**What this task involves**: The answer must consist solely of the lines from the opening line of the entries through the line with "Baseline Data Collection", transcribed exactly and without any pictures.

*-*-*

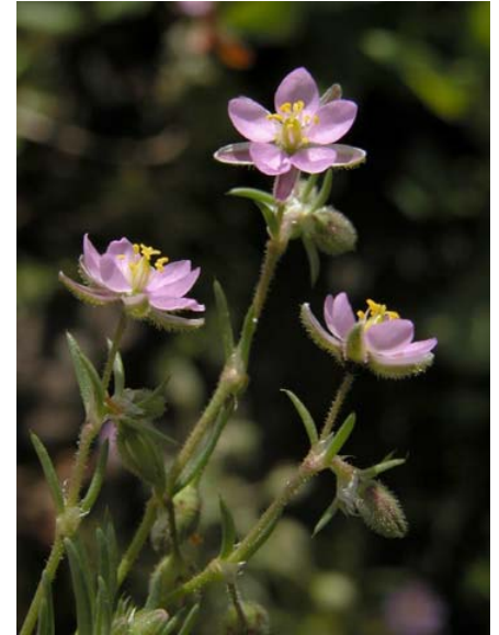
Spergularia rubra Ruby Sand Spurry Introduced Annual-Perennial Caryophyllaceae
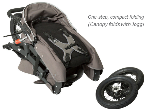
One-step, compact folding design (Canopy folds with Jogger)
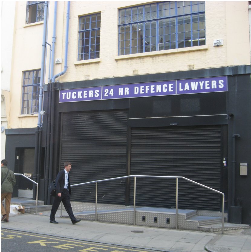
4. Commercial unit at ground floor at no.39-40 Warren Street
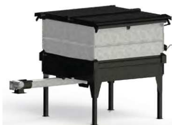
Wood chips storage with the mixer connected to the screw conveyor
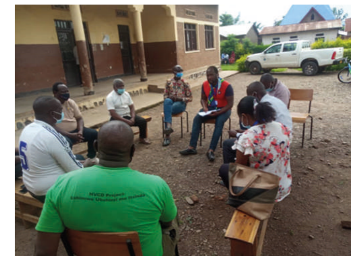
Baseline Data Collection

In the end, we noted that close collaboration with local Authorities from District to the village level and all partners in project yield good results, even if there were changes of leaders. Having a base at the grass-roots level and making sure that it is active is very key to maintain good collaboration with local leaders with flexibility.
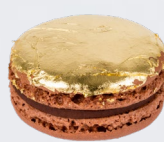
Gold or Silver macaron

*-*-*

**Solution to the exercise**:
Spergularia rubra Ruby Sand Spurry Introduced Annual-Perennial Caryophyllaceae
One-step, compact folding design (Canopy folds with Jogger)
4. Commercial unit at ground floor at no.39-40 Warren Street
Wood chips storage with the mixer connected to the screw conveyor
Baseline Data Collection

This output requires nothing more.